3) VACUUM commits/or aborts its transaction after some predetermined
interval (say 1 min) and starts a new one.

4) VACUUM itself could have some way to check if the "oldest"
transaction is also VACUUM, and be able to free the tuples that are
older than last *data altering* transaction. At least VACUUM, ANALYSE
and TRUNCATE should not be considered *data altering* here.
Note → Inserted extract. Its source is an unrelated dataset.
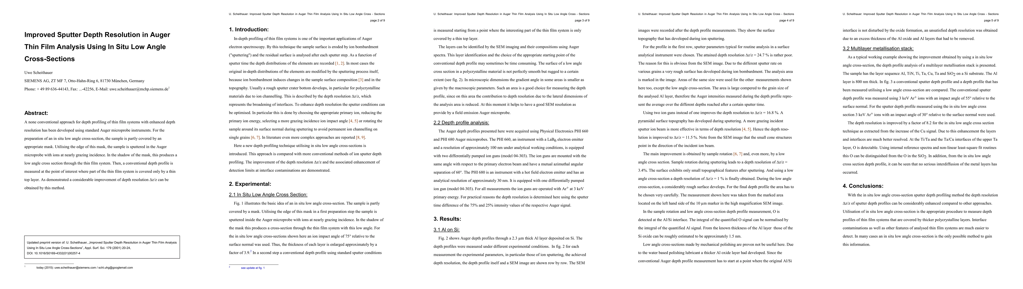 A none conventional approach for depth profiling of thin film systems with enhanced depth resolution has been developed using standard Auger microprobe instruments. For the preparation of an in situ low angle cross-section, the sample is partly covered by an appropriate mask. Utilising the edge of this mask, the sample is sputtered in the Auger microprobe with ions at nearly grazing incidence. In the shadow of the mask, this produces a low angle cross section through the thin film system. Then, a conventional depth profile is measured at the point of interest where part of the thin film system is covered only by a thin top layer. As demonstrated a considerable improvement of depth resolution delta z / z can be obtained by this method.
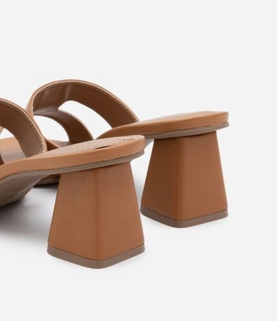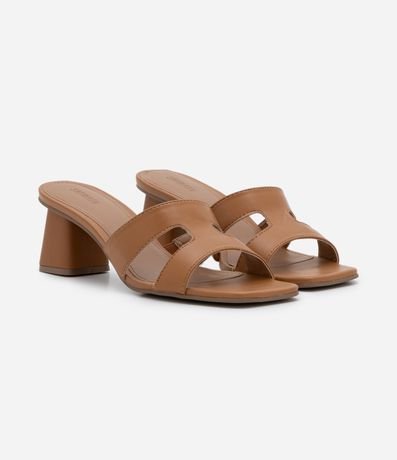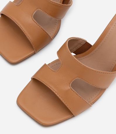 Ref: Sandália modelo mule sem fechamento, com bico quadrado, tiras H no cabedal e salto médio grosso.

The problems caused by non-data-altering but long-running transactionsis
are not unique to VACUUM, similar problems also affects Slony. So any of
1)-3) would be preferable to 4)

Or perhaps it already solved in 8.0 ? My rant is about 7.4.6.

-- 
Hannu Krosing <hannu@tm.ee>

Re: Is there a way to make VACUUM run completely outside transaction

From

Tom Lane

Date:

07 February 2005, 15:51:26

Hannu Krosing <hannu@tm.ee> writes:
> As VACUUM is not something that can be rolled back, could we not make it
> run completely outside transactions.

No, because it has to be able to hold a table-level lock on the target
table.  Besides, where did you get the idea that it can't be rolled back?
The VACUUM FULL case, at least, has to go through huge pushups to be
sure it is rollback-safe.
        regards, tom lane

Re: Is there a way to make VACUUM run completely outside

From

Hannu Krosing

Date:

07 February 2005, 17:17:17

Ühel kenal päeval (esmaspäev, 7. veebruar 2005, 10:51-0500), kirjutas
Tom Lane:
> Hannu Krosing <hannu@tm.ee> writes:
> > As VACUUM is not something that can be rolled back, could we not make it
> > run completely outside transactions.
>
> No, because it has to be able to hold a table-level lock on the target
> table.

Does NON-FULL VACUUM release this lock when pausing when sleeping on
vacuum_cost_delay ?

If not, could it be made to release the lock and end current transaction
when going to sleep and start a new transaction and aquire the lock
again when waking up ?

> Besides, where did you get the idea that it can't be rolled back?
> The VACUUM FULL case, at least, has to go through huge pushups to be
> sure it is rollback-safe.

What are the semantics of ROLLBACKing a VACUUM FULL ? Will it restore
the dead tuples to their original positions ?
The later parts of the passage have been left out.